I'd be lying if I said I could relate directly, Alacrity. My anxiety has to do with low self esteem and a fear of people. I was a victim of child abuse and even though people tell me I'm smart, good looking, and have great potential, I don't know that I'll ever see myself that way. Getting out of the house has always been my escape. Sometimes I'll drive 100 miles around the area for no reason other than the feeling of freedom it gives me. I guess it's good I have a high MPG car to do that in. lol
What can I tell you? You've no doubt heard plenty of inspirational aphorisms. Reading your story, I can relate only in this way: Criticism weighs heavily on me because I was criticized so much as a child. I'm afraid worRAB will turn to blows and I'll get physically hurt like I've been so many times. Role Playing Games have brought me a modicum of peace because they empower me. When I have to do something that brings heavy anxiety, like speak in front of a lot of people, I remeraber the songs from those games (e.g., Lunar: The Silver Star Story, the final battle against Ghaleon - "Go, Go, Go!") , and I pretend I'm there to save the world, and that no one else can do it. Perhaps a little childish, but is it any less puerile to imagine people in their underwear? :jester:
We're no doubt different, but I've always been a big picture thinker. I believe your worRAB and the strife you'll endure going to that evaluation. I try to put myself in your shoes, and as I said, I can only imagine.

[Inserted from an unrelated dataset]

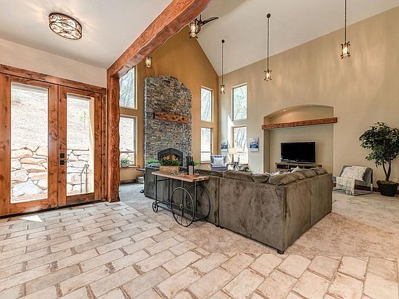 NEW Custom Home a Modern Mountain Retreat! The feeling of a Lake Tahoe. 7 car garage is designed for entertaining. A Chef-Like gourmet kitchen with a large island with 2nd sink. Vaulted ceilings! The main house was completed in 2021 and has never been occupied. The detached 2nd unit has 967 sq. ft. of space upstairs with a full bath, family room and office and a 1200 S.F. garage with a workshop. Home features include 6 inch perimeter walls with 6 inch insulation, Custom hand crafted 10 x 10 Douglas Fir beams and 8ft Knotty Alder doors & trim/cabinets enhances the interior, beautiful stacked stone fireplace in the family room. The master bedroom includes a fireplace, balcony and sitting area, master bath includes custom stone work, oversized stone shower with multiple shower heads & a bath with a view of the hills. The 2.5 acres includes long concrete driveways with large parking areas for vehicles or recreation.

Think about it in this way: Only you can do this. Don't be afraid to demonize the anxiety and the panic; it's your enemy, after all. It's the villain ensnaring the prosperity of success. It's the foe of peace in your life. Serenity is something we all strive for: In ourselves, in our communities and nations, and in the world. And it doesn't happen without people with the courage to stare down the uncertainty of doubt; the brazenness to spit in the face of scoundrels; to keep a cool spirit and a level head when there's a blaze all around, hungry and dribbling black smoke, kindled by a crave to consume the constructs of progress.
You can extinguish it, if only for a time until the next threat burns. You've got to do this, not only for yourself, but for the people who love you and will be loved by you. The people who need a sign that they too can move on. You're their inspiration, Alacrity. Show the enemy what you've got.